The visionary Treasury role inside the Bank Organisation – Part II
by Leonardo Orlando
Last time we focused on how the Treasury role inside the Bank Organisation has evolved over the past 10 years, going from a “passive” business centric role to a more “active” risk based one.
Treasury role has changed due to the new market context and related regulatory framework. This has made liquidity monitoring and control, one of the Bank’s organisation core pillars.
As already mentioned in previous writings, liquidity crisis during Lehman Brothers crash, has shown liquidity system weakness, related to the following main reasons:
- In the trading market, “domino effect” is quite relevant and sensitive. Currently market is composed by few big players, which are able to make market aversion profile change rapidly
- Customer risk aversion profile has changed as well. Common investment attitude has moved from medium-long term to short term timeline, then affecting the maturity ladder management
- Risk profile has impacted also on portfolio management, making Bank margin per transaction lower. As a consequence, Banks have been assuming a more active role in the market, losing the original “intermediary” profile. Banks have started taking position in the market, then assuming a completely different risk profile.
The combination of the three above elements has generated the need for a solid and stronger risk adjusted view, which aggregates all risks, creates a single view on the Bank’s risk exposure and then provides guidelines on portfolio management.
Now, the key question comes easy: Which function does need a risk aggregated view ?
Before of answering to that question I will provide an answer to the followings:
- Which frequency would apply to the new information flow
- Which kind of control should be applied to that information
- Who is supposed to use that information
- The risk aggregation view frequency should follow the market data refresh process, which in theory could occur on a daily basis. It implies that Bank’s risk profile should change daily, according to the market data. In a big Organisation, this becomes almost impossible to manage, if you just think about all implied changes and the uncertainty that it will generate. Then a good compromise would be to have a one off risk profile framework set up, which can occur on a quarterly basis and then a risk profile adjustment which can occur on a daily basis, according to the risk profile and the predefined threshold.

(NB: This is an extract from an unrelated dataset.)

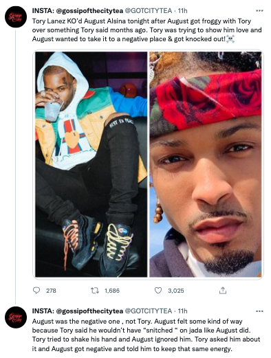 “Tory Lanez KO’d August Alsina tonight after August got froggy with Tory over something Tory said months ago. Tory was trying to show him love and August wanted to take it to a negative place & got knocked out!”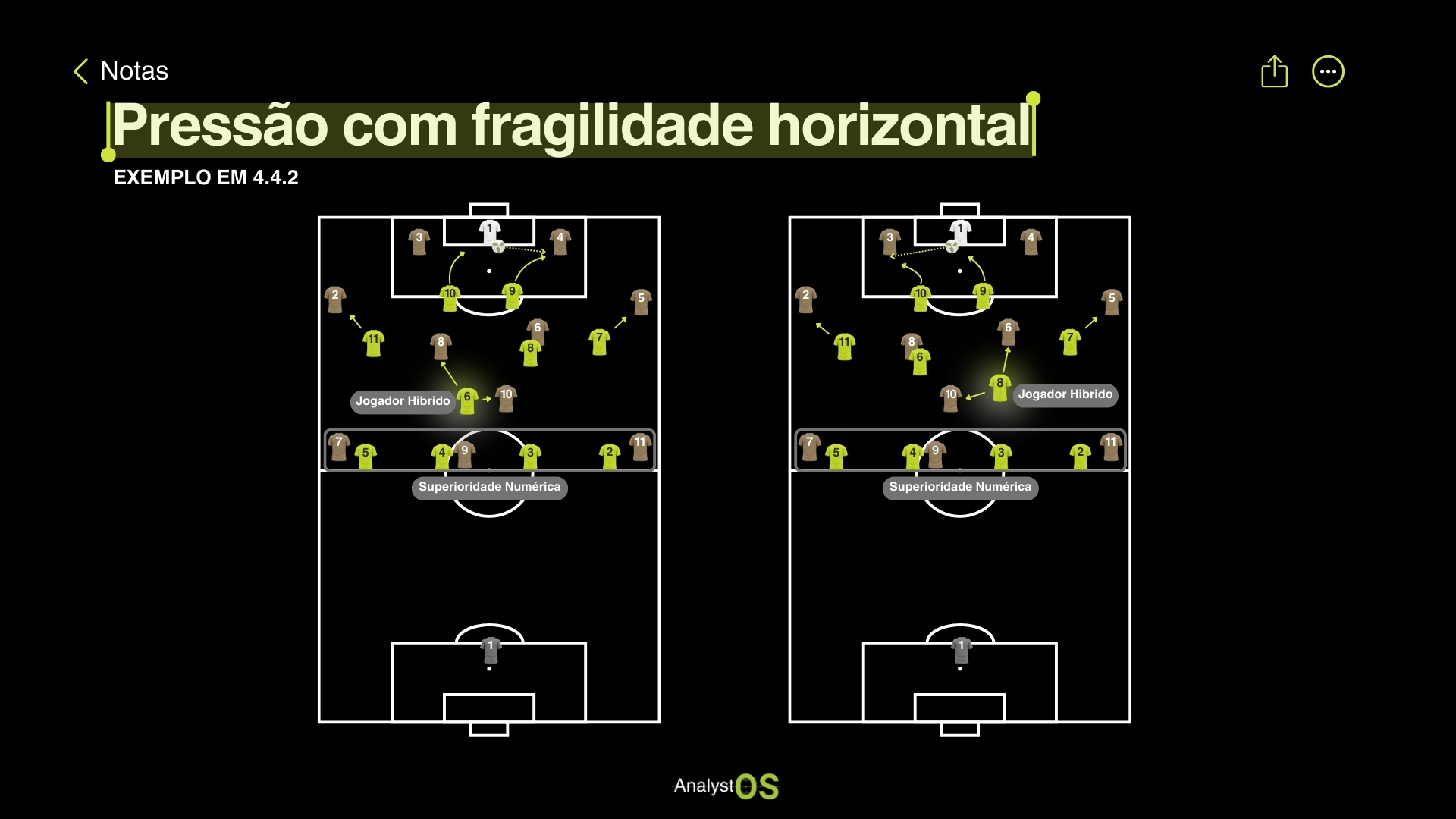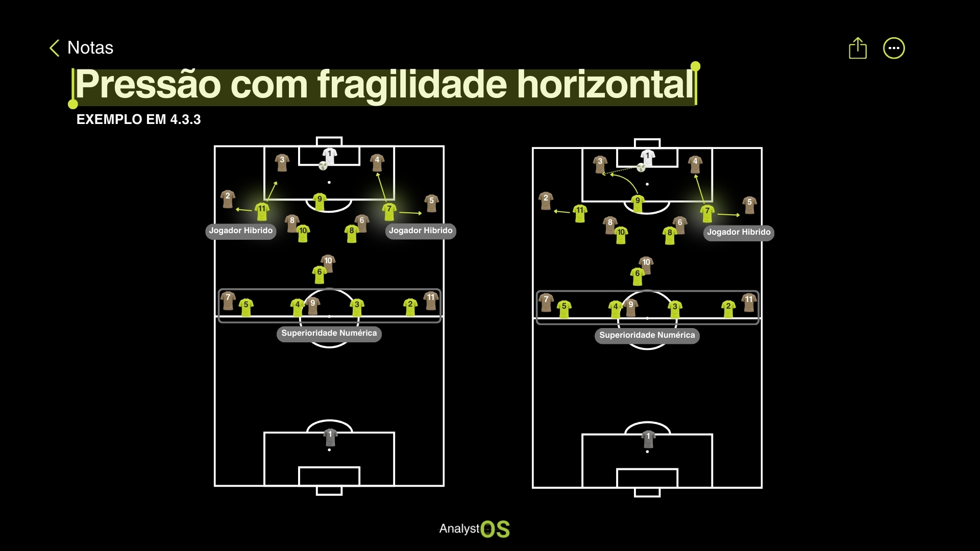 Outro ponto-chave é identificar os jogadores híbridos, aqueles que dividem a atenção entre dois adversários ou entre um adversário e um espaço, e que saltam no momento certo. Eles são o motor da pressão híbrida e a chave para compreender a engrenagem defensiva.

- Risk limits should be set up from an independent authority, which should control that predefined thresholds are respected on an on-going basis. The function in charge of the daily monitoring and control of risk should be then able to identify the risk implied by all transactions executed by the Bank and be able to realise when thresholds have been reached. At the same time an independent function should be able to have control of that information, even if at a less granular level, then being able to enforce policies and procedures to respect the predefined risk limits.
- Consumers of the risk aggregated view could be multiples, for different scope. For example, Treasury would need that information since it will be useful to know the risk implied by trades while Risk Management would need an aggregated risk view in order to identify consistency between risk taken and risk profile.
Having said that, Treasury needs to be recognised like the operational function which needs for the aggregated risk view, in order to monitor and control risk on a daily basis and provide continuous feedback to Risk Management.
So, even if Risk Management remains the independent function responsible for the overall risk management framework, Treasury plays a crucial role inside the defined framework, translating it into operational control and performing a risk adjusted portfolio analysis.